## The problem
Pictures are not part of the answer. Write out exactly the lines from the one containing "[부자동네타임즈 김현정 기자]이마트편의점‘이마트24’가" through the end of the material below.

## Exercise data
════════

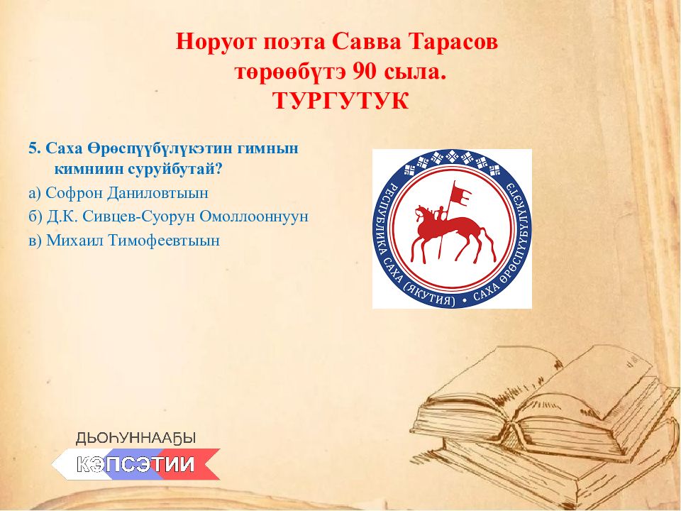 5. Саха Өрөспүүбүлүкэтин гимнын кимниин суруйбутай ? а) Софрон Даниловтыын б) Д.К. Сивцев-Суорун Омоллооннуун в) Михаил Тимофеевтыын
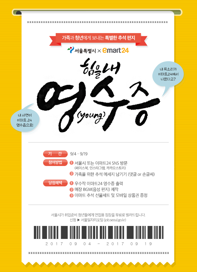 [부자동네타임즈 김현정 기자]이마트편의점‘이마트24’가 서울시와 함께 추석을 앞두고 가족에게 사랑의 메시지를보내는‘힘을 내,영(Young)수증’캠페인을 실시한다고 4일 밝혔다.
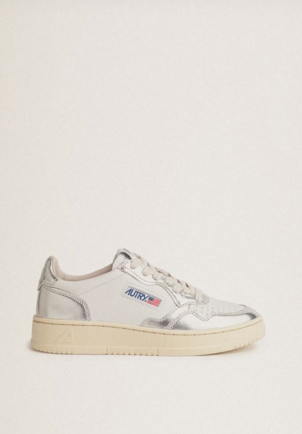 Estas zapatillas para mujer están confeccionadas en suave piel blanca de aspecto auténtico y acabadas con refuerzos de ante beige para una mezcla táctil y gráfica. El detalle de piel negra que decora el talón está personalizado con el logotipo de Autry.

════════

## Answer section
 [부자동네타임즈 김현정 기자]이마트편의점‘이마트24’가 서울시와 함께 추석을 앞두고 가족에게 사랑의 메시지를보내는‘힘을 내,영(Young)수증’캠페인을 실시한다고 4일 밝혔다.
 Estas zapatillas para mujer están confeccionadas en suave piel blanca de aspecto auténtico y acabadas con refuerzos de ante beige para una mezcla táctil y gráfica. El detalle de piel negra que decora el talón está personalizado con el logotipo de Autry.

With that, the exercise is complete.